India made green history this year, breaking not one but two records. In January, it conducted the world’s largest tender for renewable power that no longer requires fossil-fuel backup. One company, Greenko, will provide 900 megawatts of uninterrupted, unsubsidized power using a combination of solar panels and hydroelectric storage. Another, ReNew, will supply 300 MW of steady power using solar panels and battery storage. In May, ReNew made another successful bid to provide 400 MW of solar power with battery storage. At a levelized first-year cost of 2.90 rupees ($0.04) per kilowatt-hour, it will be among the world’s lowest rate for uninterrupted renewable power—finally making generating and storing clean energy cheaper than burning coal.
India made green history this year, breaking not one but two records.

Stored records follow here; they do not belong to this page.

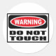 Warning DO NOT TOUCH Sticker you can customise at www.WarningSignShirts.com and features a red and black warning sign and DO NOT TOUCH in bold black letters to warn the world. You can also customise your own warning sign Sticker with the text you want.
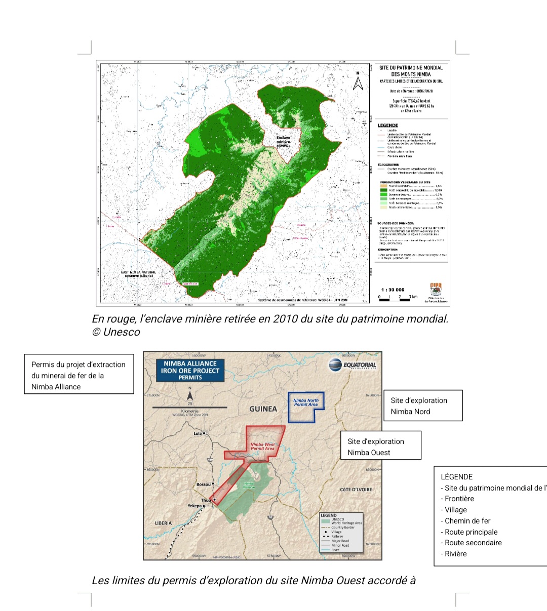 La société australienne Equatorial Resources Limited (ERL) a acquis le permis d’exploration de la Nimba Alliance pour les sites appelés Nimba Nord (10 700 hectares) et Nimba Ouest (19 800 hectares). Ce dernier se trouve en partie sur le site du patrimoine mondial, le reste dans la zone tampon. En 2025, le Comité du patrimoine mondial de l’UNESCO a exprimé « sa vive inquiétude quant au fait que le permis Nimba Ouest racheté par ERL englobe une partie importante de la composante guinéenne du bien ».
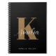 Modernes schwarzes Notizbuch mit dem Monogramm-Initial in einem fett-großen Schriftart und Ihrem Namen in einem stilvollen weißen Kalligraphiesignaturskript.
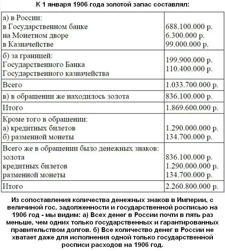 Оперируя цифрами, Нечволодов показывает, что ни России, ни другим странам, втянутым в "золотой клуб", не хватит всех мировых запасов золота для того, чтобы расплатиться по кредитам, полученным от ростовщического кагала. Поэтому не нужно удивляться, что на начало XX в. только одна Россия по государственным долгам оказалась должна более половины всех золотых денег, находящихся на земном шаре.
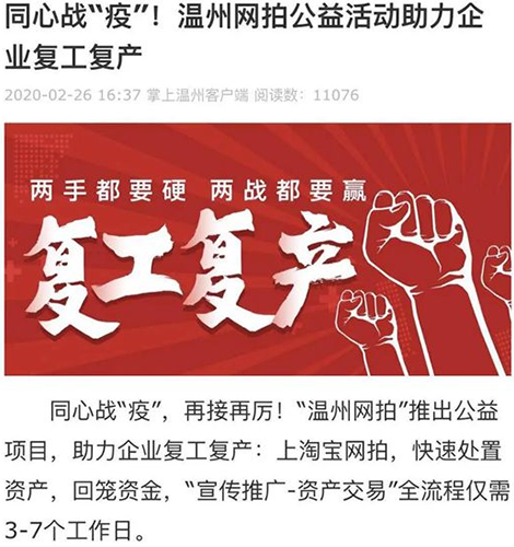 溫州嘉誠拍賣為發(fā)揮好責任擔當和能力擔當,助力抗疫后期的經濟恢復,在繼續(xù)加強與各地拍賣企業(yè)共同對農村市場的研究與探索外,還聯(lián)合溫州網拍(溫州市網拍信息技術有限公司)推出公益活動,對企業(yè)的庫存資產處置(成品、半成品)推出網拍零傭金活動。此外,溫州嘉誠在疫情期間還加緊開發(fā)APP小程序應用——“拍小虎”,配套更多資產處置進行流程管理、拍品預約看樣、大宗資產管理等。
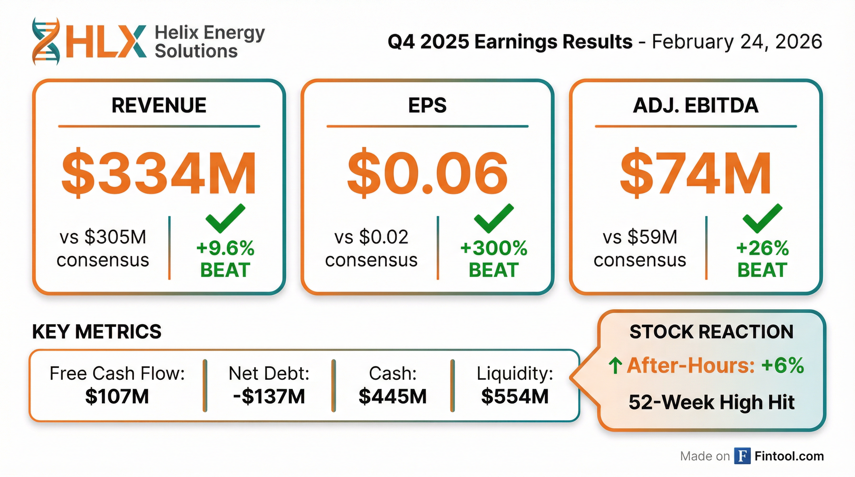 - Helix Energy Solutions Group reported Q4 2025 revenues of $334 million and full-year 2025 revenues of $1.3 billion, with Adjusted EBITDA of $74 million and $272 million respectively, and strong positive free cash flow for both periods. The company ended the year with $445 million in cash and cash equivalents.
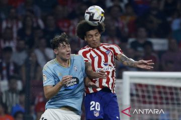 Pesepak bola Celta Vigo Jorgen Strand Larsen (kiri) berebut bola dengan pesepak bola Atletico Madrid Axel Witse dalam laga pekan kelima Liga Spanyol, di Metropolitano, Madrid, Spanyol, Sabtu (10/9/2022). Atletico Madrid berhasil menglaahkan Celta Vigo 4-1. ANTARA FOTO/Reuters-Susana Vera/hp.
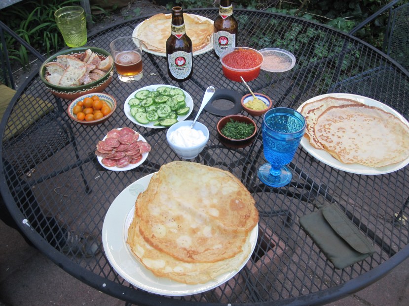 You arrive at her house for a visit, and a “casual lunch on the patio” consists of red caviar and blinchiki (Russian crêpes), festooned with sour cream and fresh dill. Oh, and a perfect salad of fresh radishes, green onions, and cucumbers. Side effects of caviar-on-landing may include weakness in the knees, but Japanese beer is a good remedy for that.
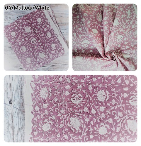 Being a hand block printed fabric, the textile may have slight irregularities in colors and prints.
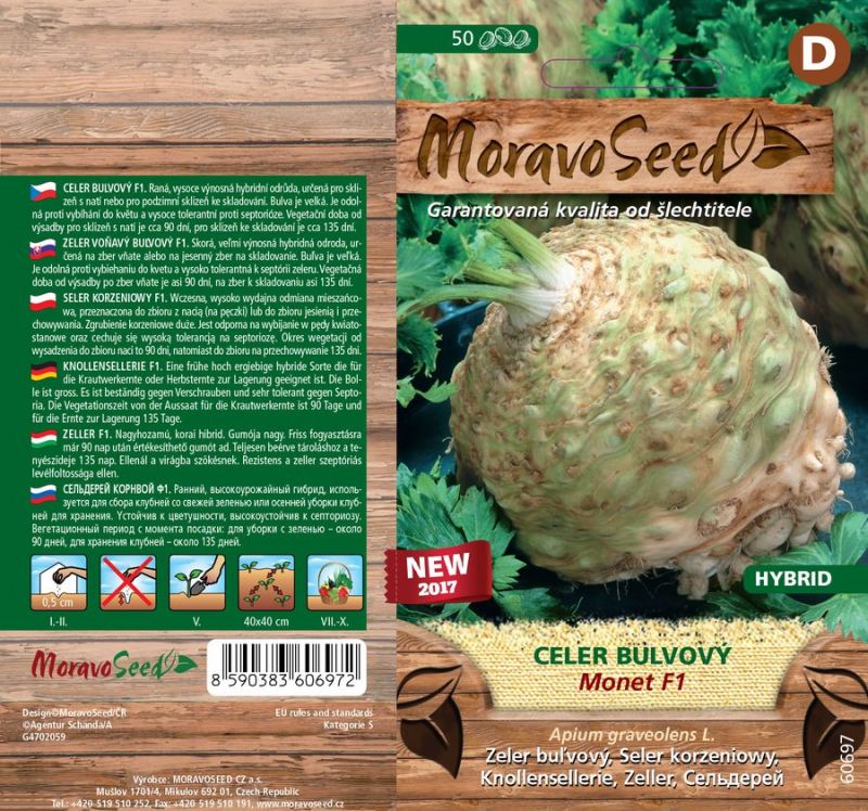Buľva zeleru MONET F1 je na povrchu hnedozelená, vnútri dužinatá, biela a krehká. Je odolná voči vybiehaniu do kvetu a taktiež voči septorióze zeleru (škvrnitosť listov). Listy tvoria mohutnú ružicu. Sú výrazne tmavozelené, hladké a lesklé. Zeler má veľmi vysoké nároky na teplo a svetlo. Pôda musí byť bohatá na živiny, humózna a dostatočne zavlažená. Listy zo zeleru buľvového nemusíte vyhadzovať. Použite ich napríklad ako korenie do polievky. Táto skorá odroda je určená na zber vňate alebo skladovanie z jesenného zberu. Vegetačná doba od výsadby po zber vňate je približne 90 dní. Vegetačná dobá na zber k skladovaniu trvá približne 135 dní.
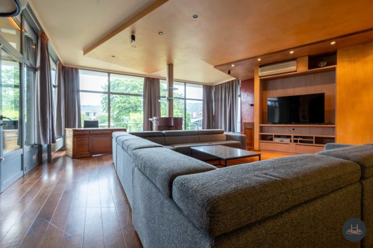 Boven de horecaruimte op de eerste verdieping bevindt zich een ruim en lichtrijk appartement met 2 grote slaapkamers. Daarenboven beschikt dit appartement over een zeer ruime woonkamer, een keuken, twee slaapkamers, een badkamer en een zeer groot terras voor privé gebruik van het appartement. De grote ramen zorgen voor veel natuurlijk lichtinval.

India is a major beneficiary of these technological advances because it is rapidly adding generating capacity as it develops, avoiding many of the costly and politically charged adjustments as developed countries replace one energy technology (and its jobs) with another. It also has large stretches of sunny, sparsely populated land for acreage-hungry solar arrays. Low labor costs make the installation and maintenance of renewable generation inexpensive; solar is a low-skilled sector once the panels have left the factory. As India imports the vast majority of its oil and a significant part of its coal, it is happy to replace costly imports with home-generated clean energy, which also helps explain the relative lack of opposition to it.
What’s more, the country’s power supply has been unreliable, its national energy grid feeble, and electricity beyond the reach of nearly 100 million rural homes. As solar panels and battery storage become cheaper and diffuse across the subcontinent, a major impediment to India’s development and prosperity will be removed. That’s something Tata Power and the Rockefeller Foundation hope to accelerate: Last November, they announced a collaborative effort to set up 10,000 so-called microgrids in Indian villages by 2026, connecting more than 5 million households to small distribution networks of local renewable power.
With India’s costs already among the lowest in the world, it is at the cusp of an age of truly competitive, unsubsidized clean energy. When the price of solar panels and batteries falls another 50 percent, as is likely during the next three years, market forces will take over, and Indian consumers will take the clean-energy mantle from the government—something that still looks quite a ways off in most developed countries. As Europe loses momentum in its transition to clean energy, as a possible new U.S. administration struggles to get green policies back on track, and as China makes great strides in finally turning away from fossil fuels, India will play an increasingly important global role in transitioning the planet to a cleaner, safer, more sustainable future.